Why aren’t people smarter? The dubious benefits of intelligence, real or artificial
Artificial Intelligence (AI) promises to make the human race smarter. Raymond Kurzweil has made predicting the Singularity — when artificial intelligence exceeds human intelligence — a cottage industry. Is AI going to make us all smarter, or are we already as smart as we can handle?
REPETITIVE STUPIDITY SYNDROME
Some of our issues are cognitive, such as our inherent inability to estimate exponential functions. Many US political leaders, including the governor of Arizona, couldn’t understand how quickly COVID-19 could spread — pesky exponentials! — so infections and deaths are spiking here, while other states and countries have successfully contained the disease.
Human cognitive gaps, well documented in The Logic of Failure, explain why we keep making the same mistakes over and over.
There’s also our fast leaps-to-conclusions mind and our slow, analytical mind. The fast mind is usually correct on everyday issues, but complex problems baffle it.
This is why pundits love to offer simple, short, and irrelevant punchlines that inflame emotions rather than encourage thought.
Collecting evidence, analyzing data, teasing out causality, making hypotheses, and testing their validity is hard work. That’s why we have highly trained people spending their lives doing just that. And they make mistakes too!

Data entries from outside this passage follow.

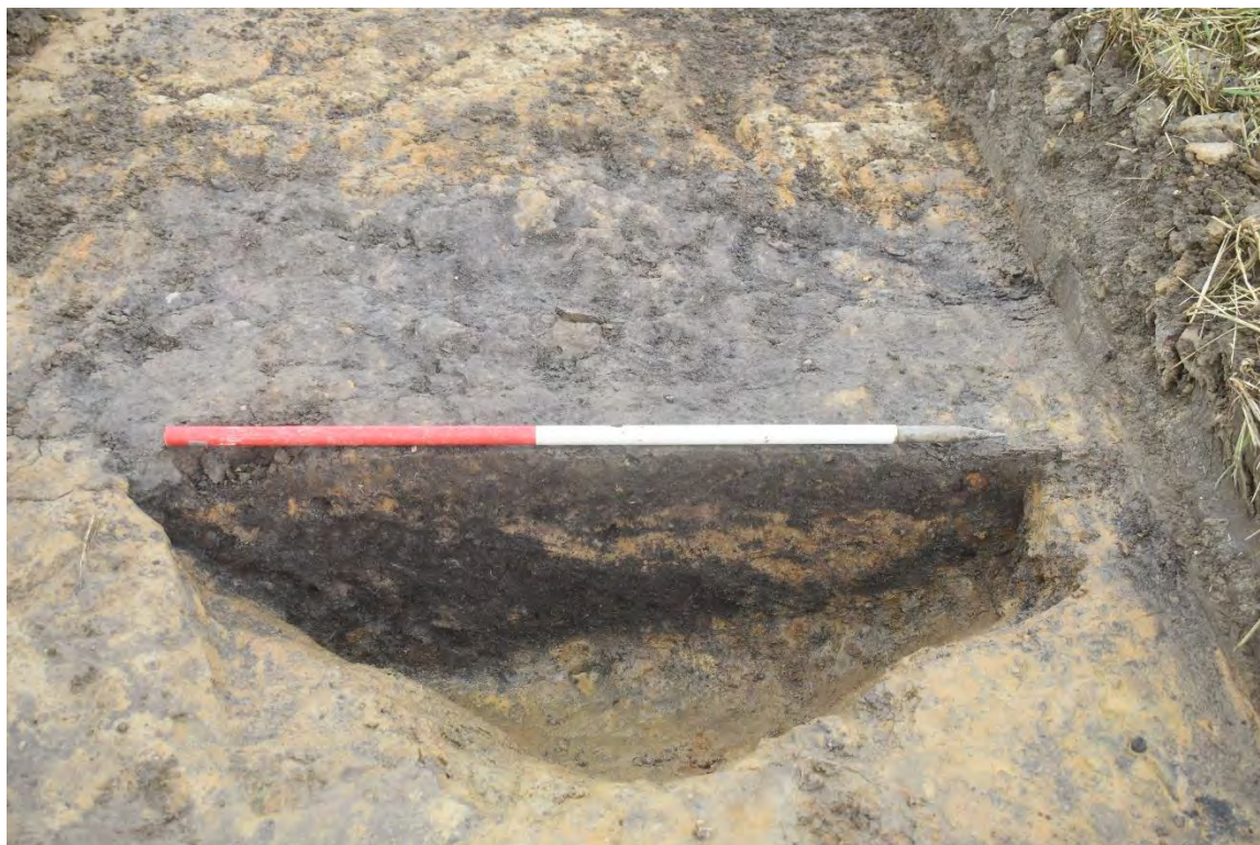
Plate 1.21 Trench 132. southwest-facing section of tree throw, typical for this once-wooded part of site, looking northeast.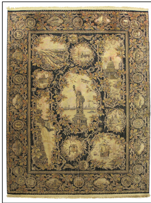
Figure 1: Liberty Rug. Manufactured by Shuttleworth Brothers, Amsterdam, New York, for W. & J. Sloane, c. 1917. Karnak Wilton rug; worsted wool, linen. 12' x 9'. Woodrow Wilson House, Washington, DC. Bequest of Edith Bolling Wilson to the National Trust for Historic Preservation. 61.16.100.

On December 2, 1916, against the bustling background of the New York harbor, President Woodrow Wilson officiated the floodlighting of the Statue of Liberty, the nation’s treasured gift from France thirty years prior. From his viewpoint on the naval yacht Mayflower , the President witnessed a military salute by ships from the Atlantic fleet and the overhead circling of aviatrix Ruth Law, whose plane’s fuselage lit up with the word “LIBERTY” while boats in the harbor tooted their horns against a backdrop of shooting flares. The star-spangled spectacle elicited gasps, cheers, and applause from the awe-struck crowd, and papers across the country covered the event, fueling war-time patriotism and a sense of American industrial triumph. 1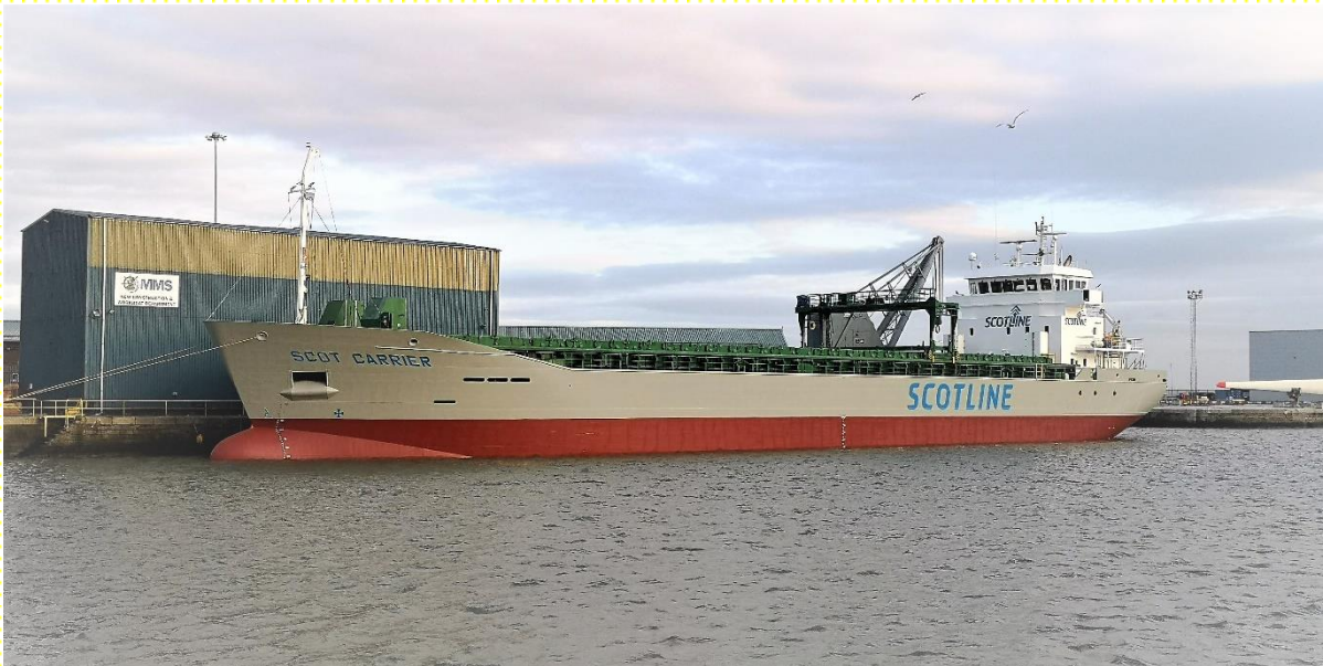
The New MV Scot Carrier – Built 2018

CULTURAL TRANSMISSION VS EVOLUTIONARY SELECTION
In the paper, “Why Aren’t We Smarter Already: Evolutionary Trade-Offs and Cognitive Enhancements” two scientists consider the potential of drugs for cognitive enhancement. They consider how evolution has shaped our cognitive functions, looking at two major problem examples.

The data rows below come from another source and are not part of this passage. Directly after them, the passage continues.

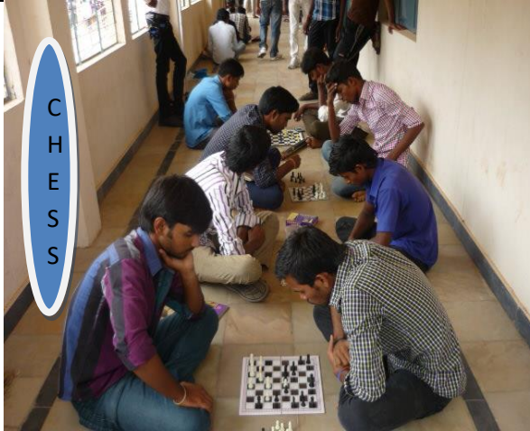
C H E S S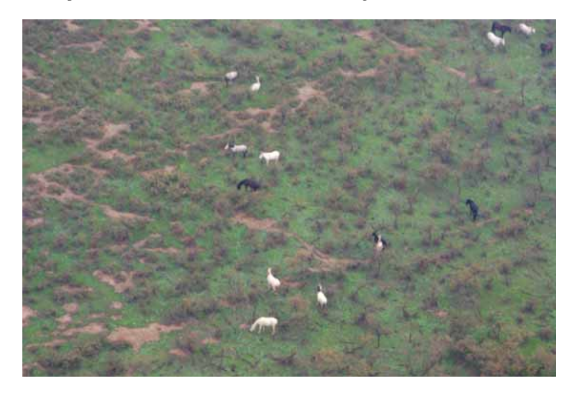
Picture 1.26 The herd E. In the center the subgroup Ea and members of the subgroup Eb on the right upper corner

Encompasses 11 horses, from which one is a weanling foal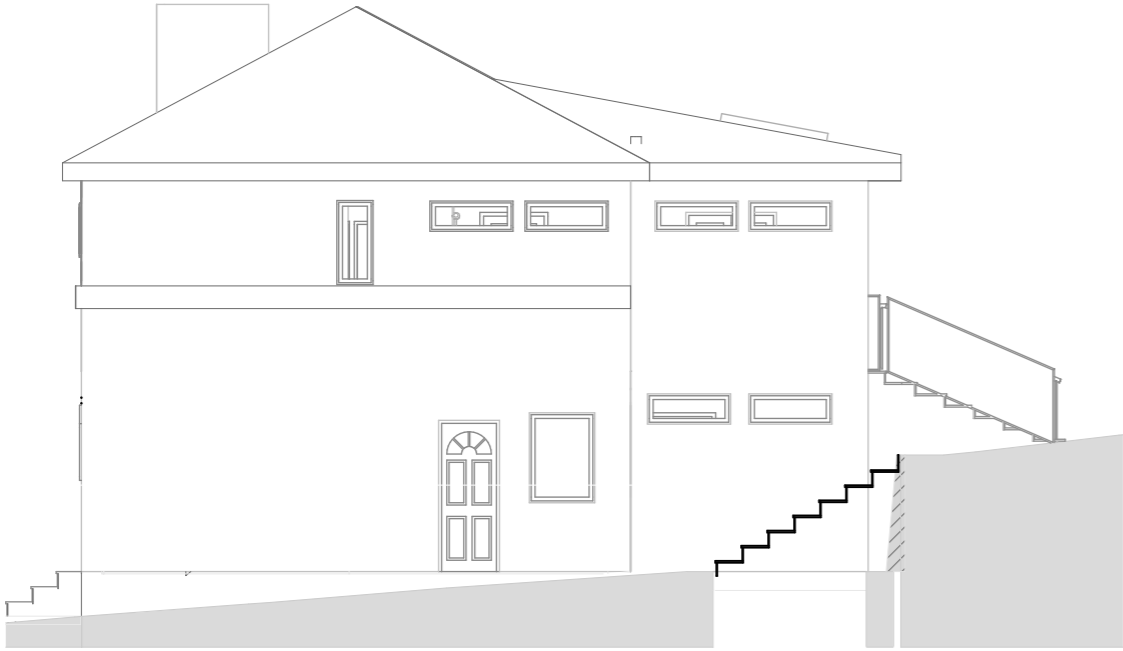
BVN.04.4 E-10 PROPOSED ELEVATION: SOUTH

The first type is “inverted U-shaped performance functions.” These are common in problems where the goal is to maximize an outcome, but with a cost involved. For instance, you’d like to get married. When do you stop searching and settle on one person?
The other cognitive problem reflects the limits of the human IT system: Our brains. Cross-functional dependencies can cripple a cognitive enhancement, whether it is natural, artificial, or drug-induced.
One example: A man with a seemingly unlimited memory who found it difficult to remember faces. Instead of generalizing a face, he remembered faces as an ever-changing sea of patterns. Maybe infinite storage isn’t a good idea, at least for people.
Or consider savants, who display extraordinary talents in some domains at the cost of huge deficits in other domains. Marvin Minsky’s Society of Mind proposed this sort of cooperative model of human intelligence back in the 1980s. It looks like he wasn’t too wide of the mark.
Perhaps intelligence isn’t the unalloyed advantage smart people would like to believe it is. Likewise, maybe AI isn’t going to be as beneficial as we’d like to believe.
Intelligence isn’t an end in itself, but a tool that allows us to understand and shape our environment. If people willfully abandon facts, evidence, and logic, it doesn’t matter how “intelligent” they are. They’ll get the wrong answer and damage themselves, and, sometimes, the rest of us.
The two goals of AI should be to extend the fast-thinking part of our intelligence, so we can apply more intelligence to the areas where we are most likely to make mistakes. That is an ideal use case for embedded mobile device intelligence.
The second goal should be where we’ve made the most progress: Domain-specific expertise, such as interpreting medical imaging. This will put a lot of expensively trained professionals out of business, but improve the quality of life for the rest of us.
The idea of the “Singularity” where machine intelligence finally exceeds human capability and wonderful things start happening will fail because most people — and cultures — can only stand so much “intelligence.” But let’s take what we can get instead of expecting the impossible.